# Justin Bieber: Keine kann ihm widerstehen!



## beachkini (7 Juni 2012)

​


> So excited u r singing “Boyfriend” at my Germany’s Next Top Model finale! We love you here! Thank u! xo


 (Heidi Klum Twitter)

Nicht nur die Teenies dieser Welt scheinen allesamt auf Justin Bieber abzufahren. Sogar gestandene Frauen wie Heidi Klum können dem 18-Jährigen nicht widerstehen. 

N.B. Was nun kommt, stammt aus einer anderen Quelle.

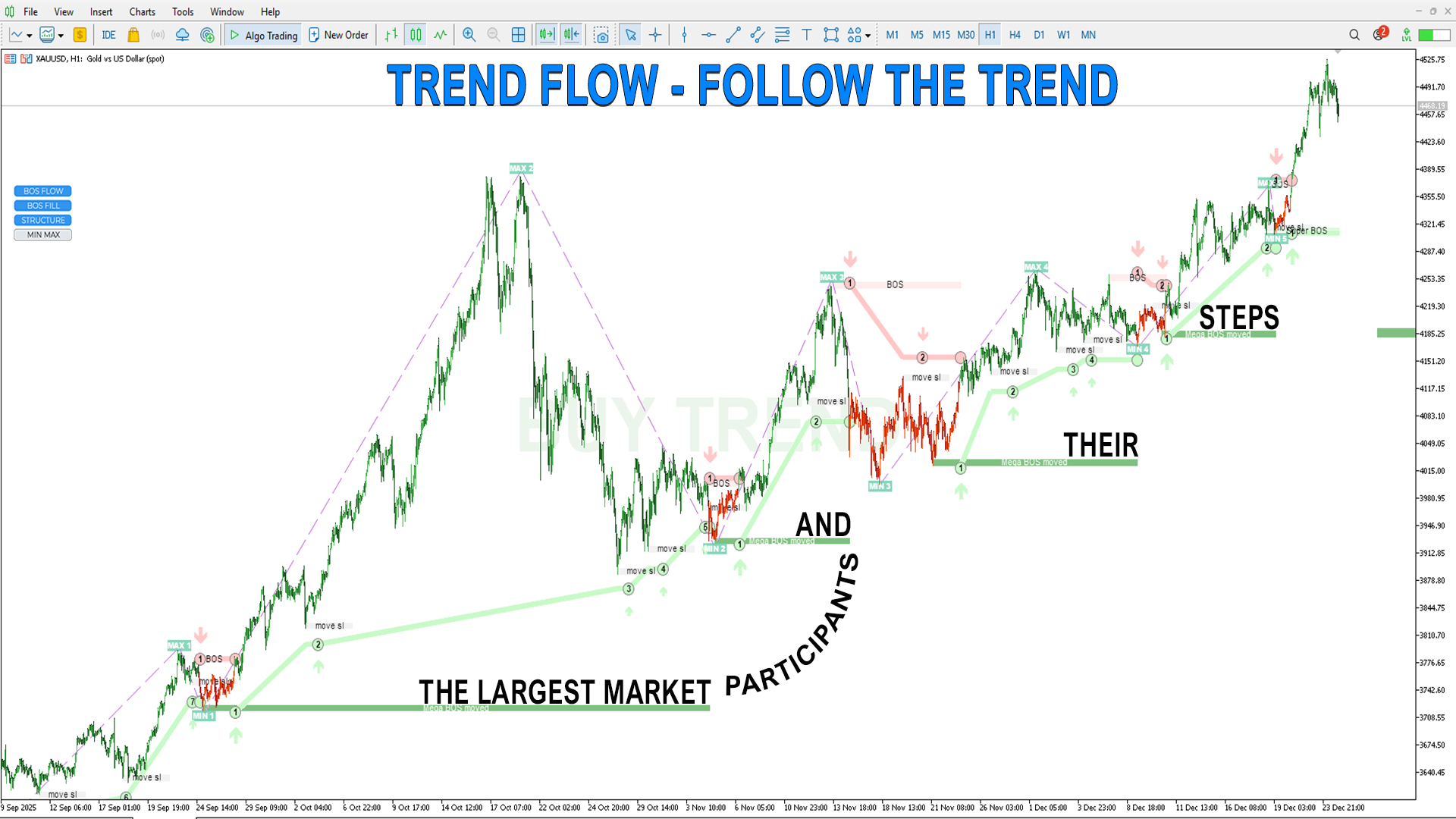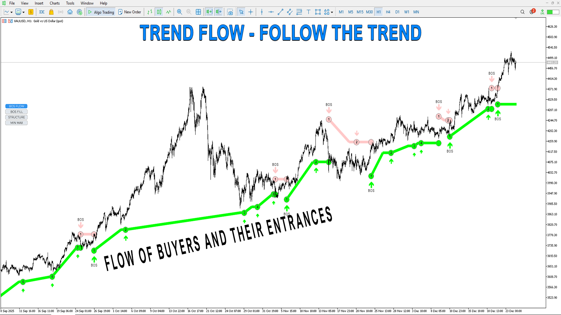 BOS FLOW– トレンド波と実際のトレンド変化、これらは主要プレイヤーのエントリーと彼らの存在の確認(数字で示されます)。

Der kanadische Sänger Justin Bieber wird am Abend (07.06.) im Finale der Modelshow “Germany’s Next Topmodel” performen und die Model-Mama freut sich wie ein kleines Kind.

Sie twitterte jetzt ein Foto von sich und Justin und schrieb dazu: “Ich bin so aufgeregt, weil du in meinem ‘Germany’s Next Topmodel’-Finale deinen Song ‘Boyfriend’ singst. Wir lieben dich hier! Danke!” Auf besagtem Foto lächelt die 39-Jährige wie ein Teenager, der eigentliche Teenager, also Justin Bieber, bleibt dagegen cool und trägt Sonnenbrille.

Im GNTM-Finale kämpfen übrigens Sarah-Anessa (18) aus Hannover, Dominique (22) aus Mannheim, Kasia (17) aus Berlin und Luisa (17) aus Leer um den Titel “Germany’s next Topmodel”.

Neben Justin Bieber werden Gossip, Maroon 5 und Ivy Quainoo als musikalische Gäste erwartet.


----------



## Punisher (7 Juni 2012)

Heidi find ich geil


----------



## Q (8 Juni 2012)

wenn Beth neben Justin auftritt dann sieht ihn wenigstens niemand mehr


----------